* [What you should do]
Your task is to write out every line of the data exactly. Drop the pictures.

(Given information Opens)

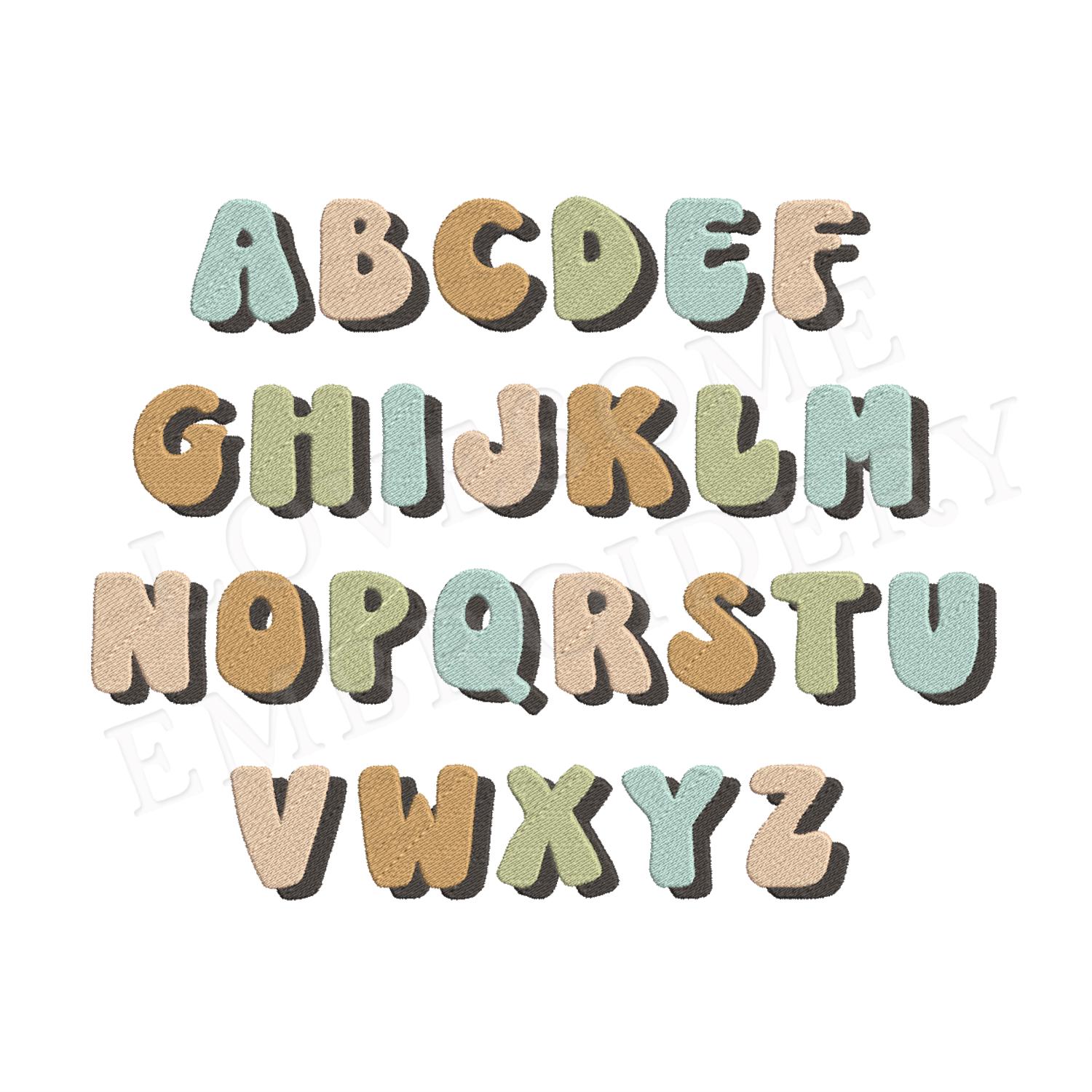 This listing features a machine embroidery groovy font set which includes embroidery files of 26 uppercase shadow letters in 2inch size. (For the whole set, pls see the listing images.)
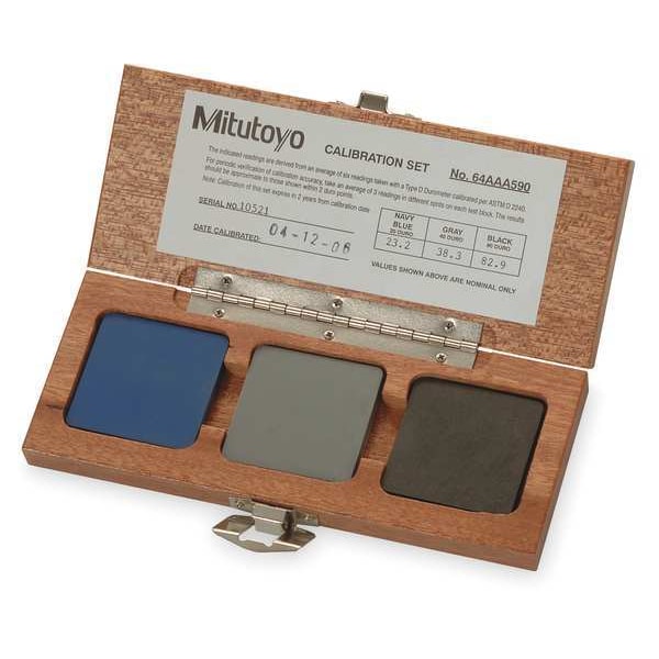 Shore D Calibration Block Set, For Materials Carbide, Non-Ferrous Metal, Plastic, Steel, For Use With 1ARV4, 1ARV5, 1ZRT5, 1ZRT6, Hardness Scale Shore D, Included Hardness Shore D 20, 40, and 80, Includes Test Block: 20, 40, 80, Includes Case Yes, Number of Pieces 3, Size 2 in x 2 in x 1/4 in
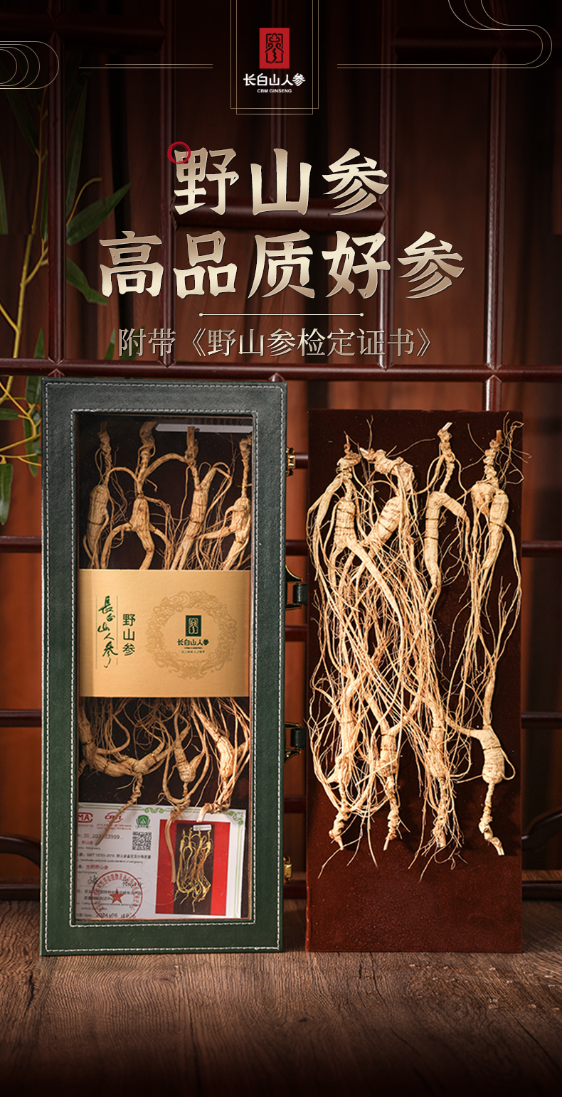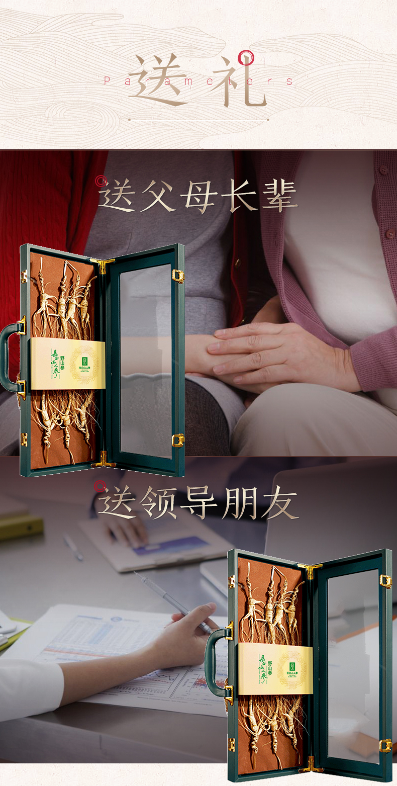热销J【20参龄野山参开窗礼盒】长白山人参野山参权威证书送长辈礼品50g
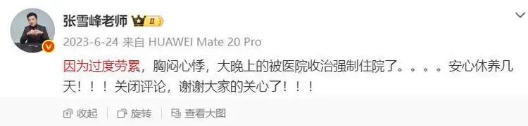 记者注意到,张雪峰此前曾因类似原因住院。2023年6月24日,他发布微博称:“因为过度劳累,胸闷心悸,大晚上的被医院收治强制住院了。安心休养几天!谢谢大家的关心了!”微博所配图片显示,他正在病床上。
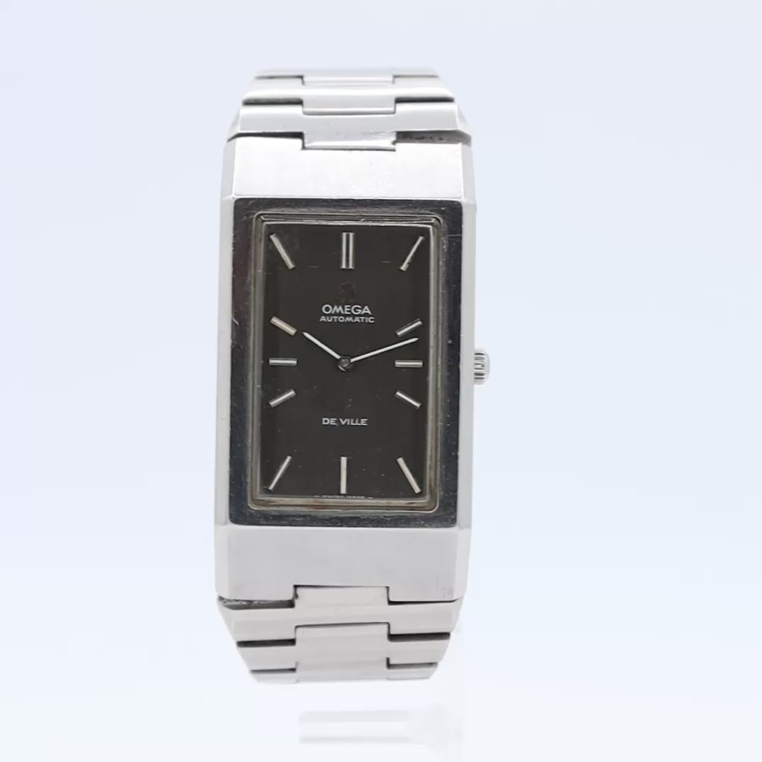 • Additional Information: The Omega De Ville reference 155.007 is a vintage men's wristwatch from the 1970s, known for its distinctive "Tank" or rectangular case design. It was part of the Omega De Ville collection, which was launched as an independent line of dress watches in 1967. The 155.007 model is highly regarded by collectors for its originality and unique retro style.

(Given information Closes)

* [Your response]
 This listing features a machine embroidery groovy font set which includes embroidery files of 26 uppercase shadow letters in 2inch size. (For the whole set, pls see the listing images.)
 Shore D Calibration Block Set, For Materials Carbide, Non-Ferrous Metal, Plastic, Steel, For Use With 1ARV4, 1ARV5, 1ZRT5, 1ZRT6, Hardness Scale Shore D, Included Hardness Shore D 20, 40, and 80, Includes Test Block: 20, 40, 80, Includes Case Yes, Number of Pieces 3, Size 2 in x 2 in x 1/4 in
热销J【20参龄野山参开窗礼盒】长白山人参野山参权威证书送长辈礼品50g
 记者注意到,张雪峰此前曾因类似原因住院。2023年6月24日,他发布微博称:“因为过度劳累,胸闷心悸,大晚上的被医院收治强制住院了。安心休养几天!谢谢大家的关心了!”微博所配图片显示,他正在病床上。
 • Additional Information: The Omega De Ville reference 155.007 is a vintage men's wristwatch from the 1970s, known for its distinctive "Tank" or rectangular case design. It was part of the Omega De Ville collection, which was launched as an independent line of dress watches in 1967. The 155.007 model is highly regarded by collectors for its originality and unique retro style.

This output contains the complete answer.